== Segment start ==

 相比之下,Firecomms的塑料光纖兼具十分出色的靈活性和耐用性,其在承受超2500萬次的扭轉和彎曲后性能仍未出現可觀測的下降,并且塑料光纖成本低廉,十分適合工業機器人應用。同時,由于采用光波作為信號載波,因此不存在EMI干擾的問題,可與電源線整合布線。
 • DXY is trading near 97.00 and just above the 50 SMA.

== Segment end ==
== Segment start ==

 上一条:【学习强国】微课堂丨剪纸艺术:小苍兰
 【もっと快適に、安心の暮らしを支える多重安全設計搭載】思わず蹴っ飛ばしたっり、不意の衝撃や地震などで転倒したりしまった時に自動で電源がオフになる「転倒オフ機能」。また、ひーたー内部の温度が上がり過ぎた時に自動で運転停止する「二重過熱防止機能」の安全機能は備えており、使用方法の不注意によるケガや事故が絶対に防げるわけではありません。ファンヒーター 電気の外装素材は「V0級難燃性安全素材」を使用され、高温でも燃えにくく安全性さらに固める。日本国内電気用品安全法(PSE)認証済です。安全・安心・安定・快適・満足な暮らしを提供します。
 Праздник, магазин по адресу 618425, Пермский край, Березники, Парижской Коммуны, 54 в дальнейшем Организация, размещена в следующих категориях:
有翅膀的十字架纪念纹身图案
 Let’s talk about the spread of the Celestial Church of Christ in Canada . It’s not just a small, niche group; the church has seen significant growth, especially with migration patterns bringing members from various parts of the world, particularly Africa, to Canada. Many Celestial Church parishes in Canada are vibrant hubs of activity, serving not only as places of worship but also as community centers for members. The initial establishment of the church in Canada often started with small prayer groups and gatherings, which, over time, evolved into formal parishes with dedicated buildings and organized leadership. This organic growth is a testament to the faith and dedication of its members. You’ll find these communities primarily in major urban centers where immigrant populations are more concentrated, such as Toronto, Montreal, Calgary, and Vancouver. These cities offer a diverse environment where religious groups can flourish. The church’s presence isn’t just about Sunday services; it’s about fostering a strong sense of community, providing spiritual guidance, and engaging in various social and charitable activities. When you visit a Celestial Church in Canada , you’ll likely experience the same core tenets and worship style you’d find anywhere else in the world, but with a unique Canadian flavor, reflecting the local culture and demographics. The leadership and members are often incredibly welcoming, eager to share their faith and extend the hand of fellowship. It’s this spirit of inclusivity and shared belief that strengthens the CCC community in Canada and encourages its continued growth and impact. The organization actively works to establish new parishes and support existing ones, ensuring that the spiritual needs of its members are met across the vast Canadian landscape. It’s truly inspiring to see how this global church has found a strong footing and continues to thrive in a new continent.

== Segment end ==

WORK ORDER: Would you retype exactly the lines above, from the line with "相比之下,Firecomms" to the line with "the 50 SMA.", with both end lines kept and nothing more?

RESULT:
 相比之下,Firecomms的塑料光纖兼具十分出色的靈活性和耐用性,其在承受超2500萬次的扭轉和彎曲后性能仍未出現可觀測的下降,并且塑料光纖成本低廉,十分適合工業機器人應用。同時,由于采用光波作為信號載波,因此不存在EMI干擾的問題,可與電源線整合布線。
 • DXY is trading near 97.00 and just above the 50 SMA.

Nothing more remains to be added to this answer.